172. Factorial Trailing Zeroes

Given an integer n, return the number of trailing zeroes in n!.

Example 1:

Input: 3
Output: 0
Explanation: 3! = 6, no trailing zero.

Example 2:

Input: 5
Output: 1
Explanation: 5! = 120, one trailing zero.

Note: Your solution should be in logarithmic time complexity.

来自 <https://leetcode.com/problems/factorial-trailing-zeroes/description/>

 

思路1：耿直的想法，把阶乘算出来，然后计算末尾有多少个0 

class Solution(object):
    def trailingZeroes(self, n):
        """
        :type n: int
        :rtype: int
        """
        num = 1
        for i in range(1, n + 1):
            num = num * i
        num = str(num)[::-1]
        count = 0
        for i in num:
            if i == '0':
                count += 1
            else:
                break
        return count

思路2：问题的关键在于2和5的出现次数，因为只有2*5才能组成10，但2的出现概率是高于5的，所以只要计算5的出现次数就行了，如5！
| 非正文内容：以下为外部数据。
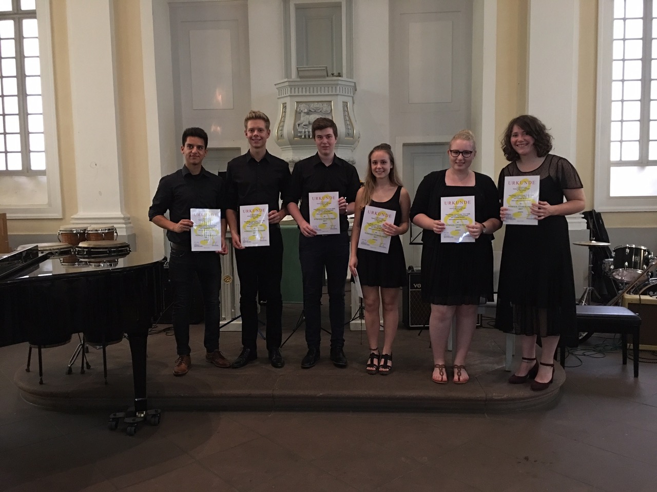 In diesem Jahr bekamen u.a. sechs AbiturientInnen des Hohenstaufen-Gymnasiums, die sich in unterschiedlichen Bereichen und über viele Jahre hinweg ins Musikleben der Schule mit ihrer ganzen Persönlichkeit und musikalischen Begabung eingebracht haben, den Preis der Werner-Stober-Stiftung überreicht. Die PreisträgerInnen Jonas Bender (E-Bass), Larissa Lang (Querflöte), Victor Moißl (Gitarre), Christoph Reichert (Violine), Anna Scheuble (Saxophon) und Jana Zimmermann (Querflöte) besuchten von der 8.-10. Klasse das Musikprofil. In der Tradition des eigenständigen Arbeitens im Musikprofil arrangierten sie für die Preisverleihung einen Song und studierten diesen während der Abiturvorbereitung selbstständig ein. Beim Preisträgerkonzert am 22.6.17 in der kleinen Kirche am Markt im Zentrum von Karlsruhe musizierten sie unter Gleichgesinnten anderer Musikprofil-Gymnasien ein musikalisch berührendes und handwerklich sehr überzeugendes „When we were young“ von Adele.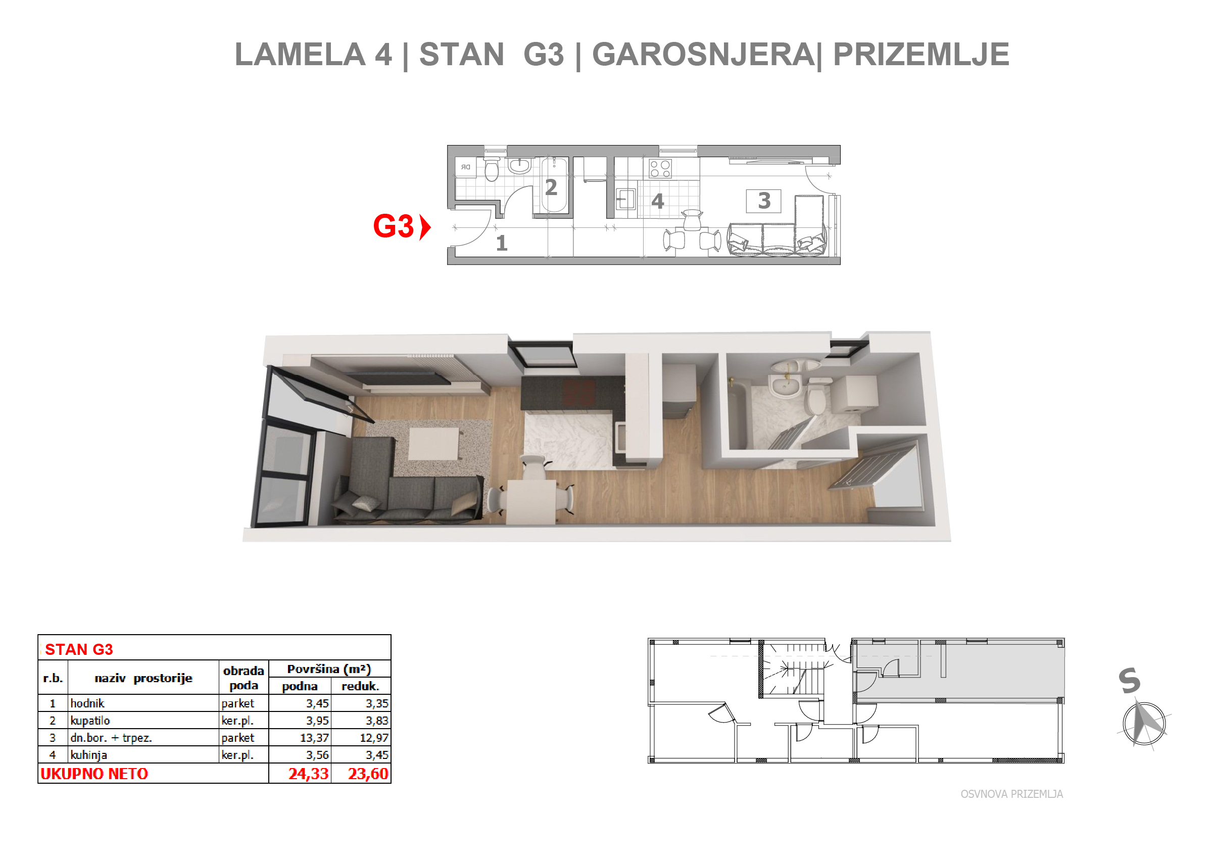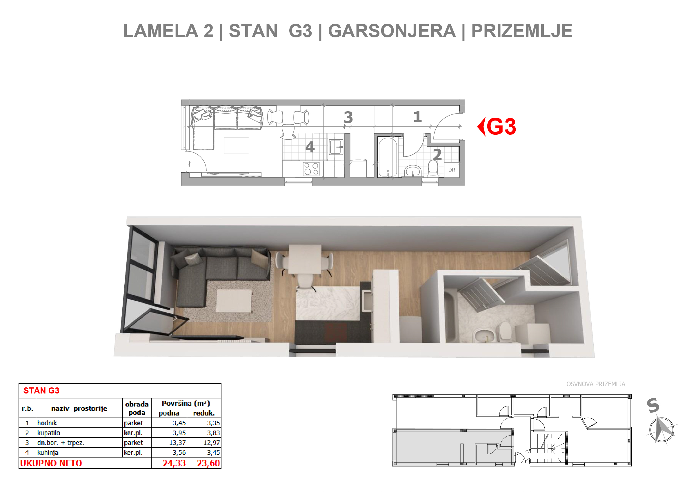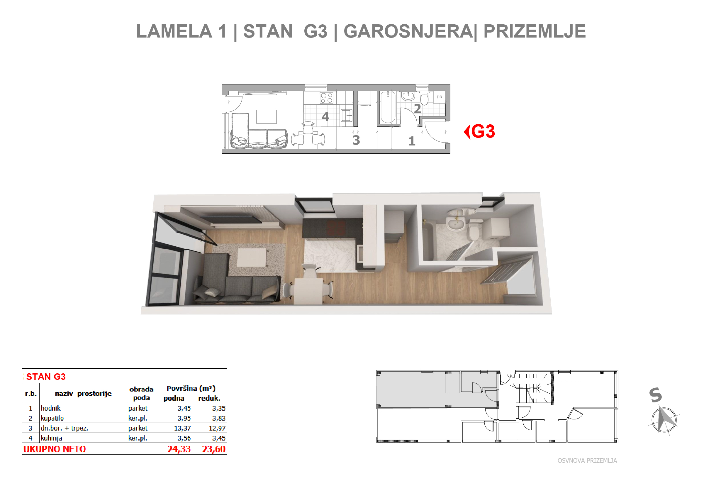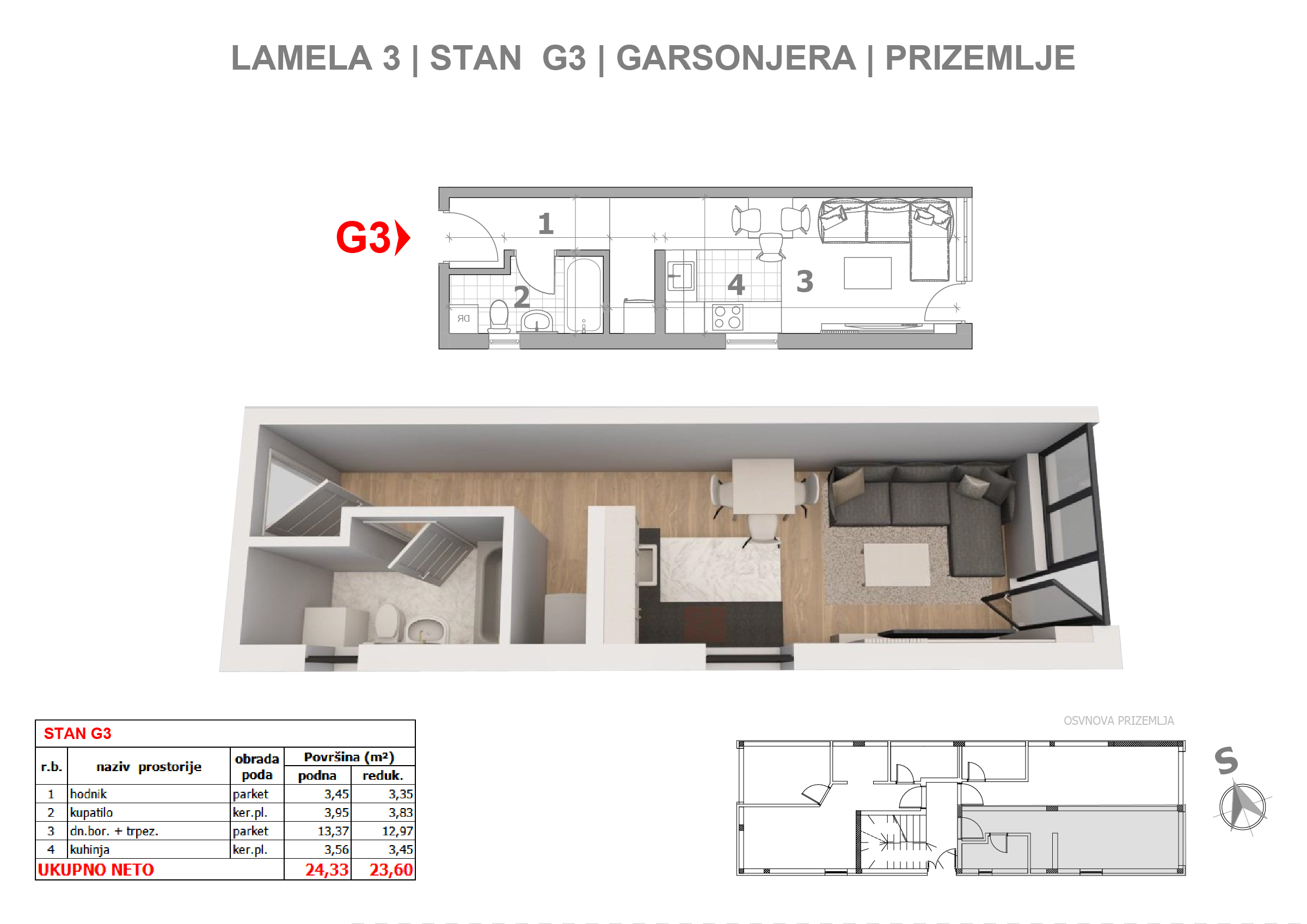 | Lamela III - G3 | Ground floor | 24 m² | 0.5 | Available | Apartment plan | |

包含1个5，10！包含5和10这两个，25！包含5，10，15，10，25，其中25又可以分成5*5也就是6个。所以问题可以转换为求解包含5，5*5，5*5*5…的个数

class Solution(object):
    def trailingZeroes(self, n):
        """
        :type n: int
        :rtype: int
        """
        count = 0
        while (n > 0):
            count += n // 5
            n = n / 5
        return int(count)